PROBLEM REQUIREMENTS: Once the pictures are set aside, repeat all of the data below exactly.
DATA SHOWN START
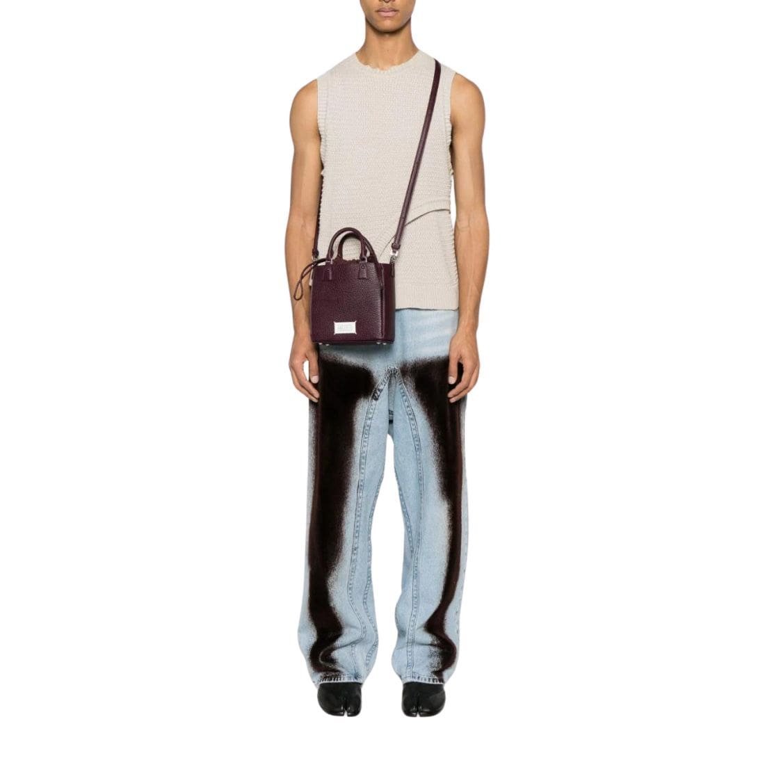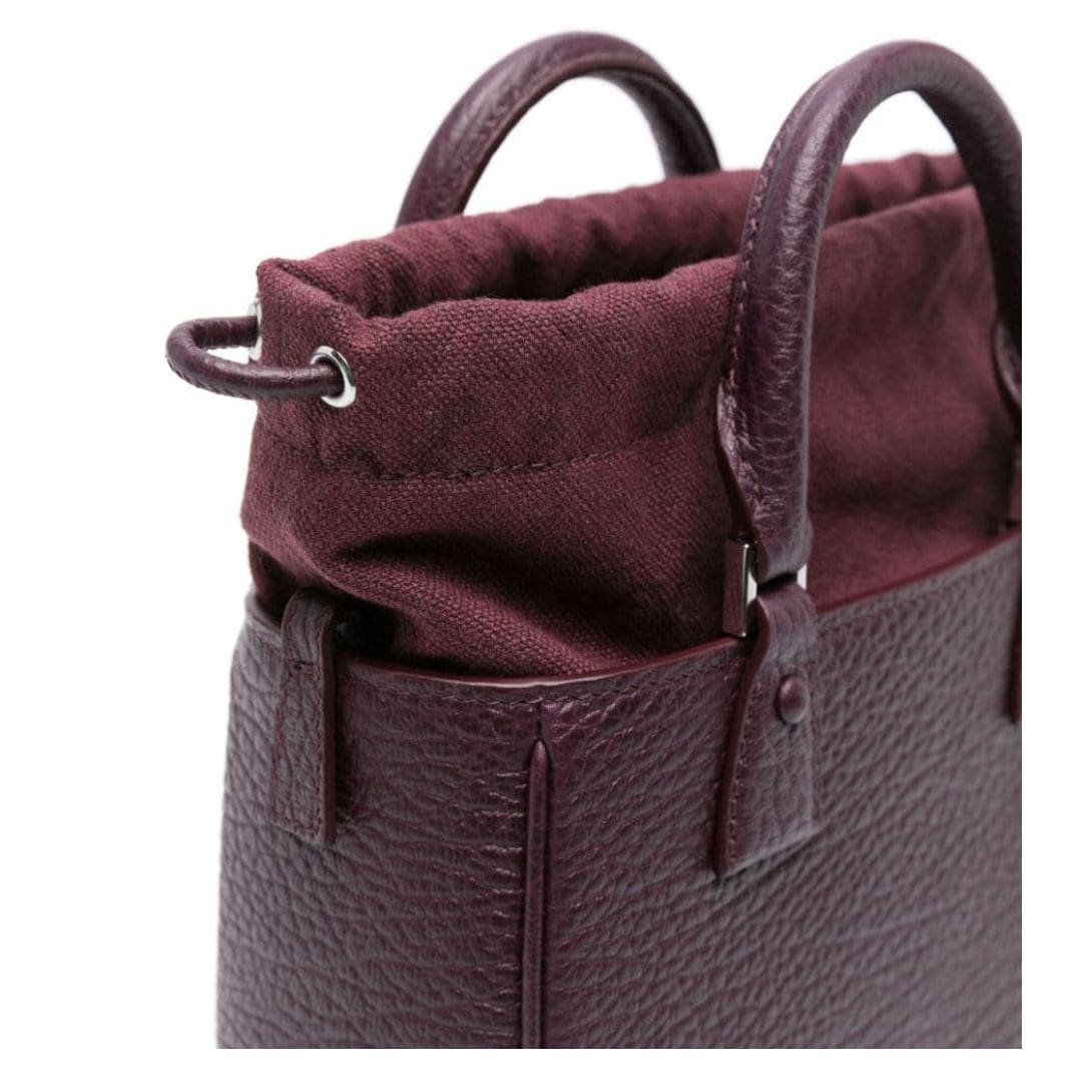 Crafted in Italy, the Maison Margiela 5AC leather tote bag stands out in a rich burgundy hue. Its exquisite design features a combination of calf leather and cotton, offering a luxurious yet practical accessory with a grained texture.
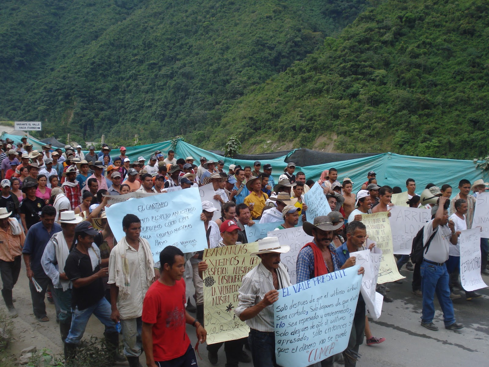 En las horas de la tarde las comunidades de los municipios de Briceño, Toledo, Ituango y San Andrés de Cuerquia marcharon por la zona de construcción de la hidroeléctrica. Alrededor de 700 personas se dirigieron a las oficinas del Consorcio Pescadero I, a los campamentos en los que se alojan los obreros, a las áreas de Argos, a las oficinas de EPM Ituango y por las calles del corregimiento del Valle, Municipio de Toledo. Los manifestantes que se encuentran acampando en la zona, expresaron su necesidad de garantías para iniciar el dialogo con EPM y la Gobernación de Antioquia como garante.
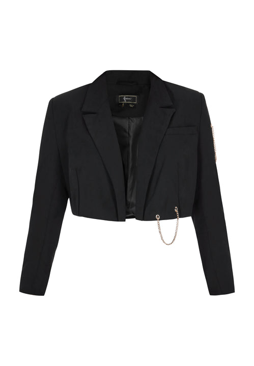 Podkreśl swój styl dzięki tej eleganckiej, krótkiej marynarce o regularnym kroju. Klasyczny kołnierz z klapami i pojedyncze zapięcie na guzik podkreślają jej szykowny wygląd. Posiada długie rękawy, kieszeń na piersi oraz tkaninę o splocie, a także ozdobne łańcuchy, które dodadzą szykownego akcentu każdej miłośniczce mody. Idealna na stylowe wydarzenia! Jest częścią kolekcji Fashion Look.
DATA SHOWN END
OUTPUT:
 Crafted in Italy, the Maison Margiela 5AC leather tote bag stands out in a rich burgundy hue. Its exquisite design features a combination of calf leather and cotton, offering a luxurious yet practical accessory with a grained texture.
 En las horas de la tarde las comunidades de los municipios de Briceño, Toledo, Ituango y San Andrés de Cuerquia marcharon por la zona de construcción de la hidroeléctrica. Alrededor de 700 personas se dirigieron a las oficinas del Consorcio Pescadero I, a los campamentos en los que se alojan los obreros, a las áreas de Argos, a las oficinas de EPM Ituango y por las calles del corregimiento del Valle, Municipio de Toledo. Los manifestantes que se encuentran acampando en la zona, expresaron su necesidad de garantías para iniciar el dialogo con EPM y la Gobernación de Antioquia como garante.
 Podkreśl swój styl dzięki tej eleganckiej, krótkiej marynarce o regularnym kroju. Klasyczny kołnierz z klapami i pojedyncze zapięcie na guzik podkreślają jej szykowny wygląd. Posiada długie rękawy, kieszeń na piersi oraz tkaninę o splocie, a także ozdobne łańcuchy, które dodadzą szykownego akcentu każdej miłośniczce mody. Idealna na stylowe wydarzenia! Jest częścią kolekcji Fashion Look.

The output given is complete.